Kalman.Filter.sd <- function(y.t,sd.vareps,sd.eta){
  # As input, signal y.t is needed and the variances of the noise in the transition and measurement equation
  t <- length(y.t)
  
  # Allocation
  df.KF <- c()
  a.t <- rep(0, t)
  p.t <- rep(0, t)
  v.t  <- rep(0, t)
  a.t.t <- rep(0, t)
  p.t.t <- rep(0, t)
  k.t     <- rep(0, t)
  f.t     <- rep(0, t)
  
  # Initialization:
  # A.t already initiliazed with 0
  p.t[1] <- (sd.vareps)^2*10^7
  
  for (j in c(2:t)){

    v.t[j] <- y.t[j] - a.t[j-1]
    k.t[j] <- p.t[j-1]/(p.t[j-1] + (sd.vareps)^2)
    a.t.t[j] <- a.t[j-1] + k.t[j] * v.t[j]
    p.t.t[j] <- k.t[j] * (sd.vareps)^2
    
    # For log-likelihood:
    f.t[j] <- (p.t[j-1] + (sd.vareps)^2)
    
    # update
    a.t[j] <- a.t.t[j]
    p.t[j] <- p.t.t[j] + sd.eta^2
    
  }
  
  var.eta <- sd.eta^2
  
  temp <- cbind(v.t,k.t,a.t.t,p.t.t,a.t,p.t,f.t,y.t,var.eta,c(0:(t-1))) # we discard the initial observation 
  rownames(temp) <- NULL
  
  df.KF<- as.data.frame(temp[2:t,] )
  
  return(df.KF)
  
} 

We also have to define the log likelihood function which we use to estimate the variances (or here, standard deviations, \(\theta\)) in our simulated data. The log-likelihood function of the Kalman Filter is given as \[ \text{log} L^{KF}(\theta) = -\frac{n}{2}\ln(2\pi) -\frac{1}{2}\sum_{t=2}^n \ln(f_t) - \sum_{t=2}^n \frac{v_t^2}{f_t} \]

The function can be coded as shown below in R.

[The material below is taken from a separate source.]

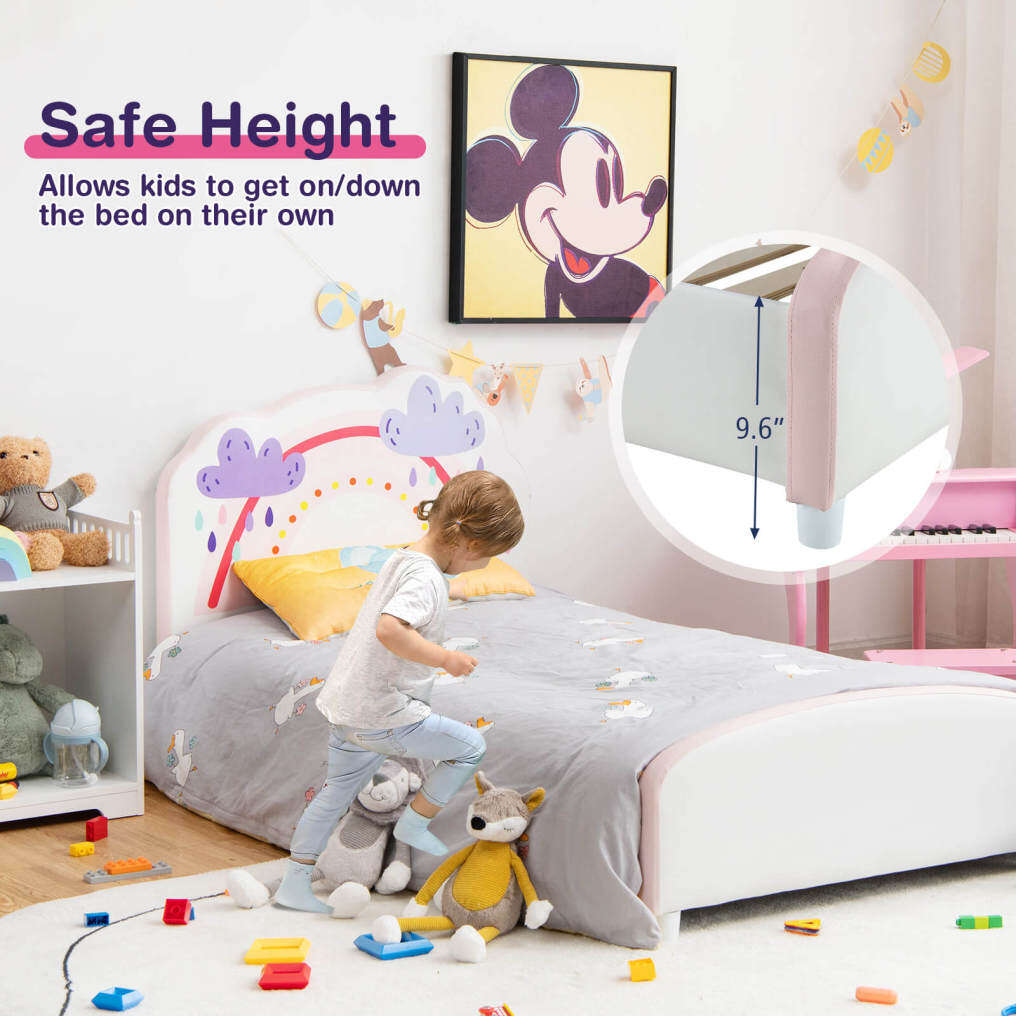 ● Wide Application: Featuring cute patterns, this kids bed frame will attract your children's attention. Moreover, you can use this bed in your bedroom to make transition time easy. When they are a little older, you can place the bed in their room to foster independence.

Log.Lik.sd <- function(thetas){
  # The function takes as inputs the guesses for the standard deviations of eta and varepsilon. With these guesses, it calculates the maximum likelihood.
  
  df.KF <- Kalman.Filter.sd(y.t, thetas[1], thetas[2]) 
  
  log.lik <- -0.5*(NROW(df.KF))*log(2*pi) - 0.5 * sum(log(df.KF$f.t),na.rm=T) - 0.5 * sum((df.KF$v.t^2)/(df.KF$f.t), na.rm = T)
  
  return(-log.lik)
}

We then estimate the standard deviations for the four different sample sizes and plot the distribution of the 100 variances for every sample size and signal-to-noise ratio \(q\) below.

Pile-up Problem

Looking at the figures of the signal-to-noise ratio distribution, we observe a left-skewed distribution of the estimates, especially when the signal-to-noise ratio is small (and the time dimension \(T\) is very limited). This pile-up of estimates at zero when using maximum likelihood to estimate a small parameter is well documented in the literature (Kim and Kim (2020), Stock (1994), Stock and Watson (1998)).

Kim, Chang-Jin, and Jaeho Kim. 2020. “Trend-Cycle Decompositions of Real GDP Revisited: Classical and Bayesian Perspectives on an Unsolved Puzzle.” Macroeconomic Dynamics, 1–25.
Stock, James H. 1994. “Unit Roots, Structural Breaks and Trends.” Handbook of Econometrics 4: 2739–2841.
Stock, James H, and Mark W Watson. 1998. “Median Unbiased Estimation of Coefficient Variance in a Time-Varying Parameter Model.” Journal of the American Statistical Association 93 (441): 349–58.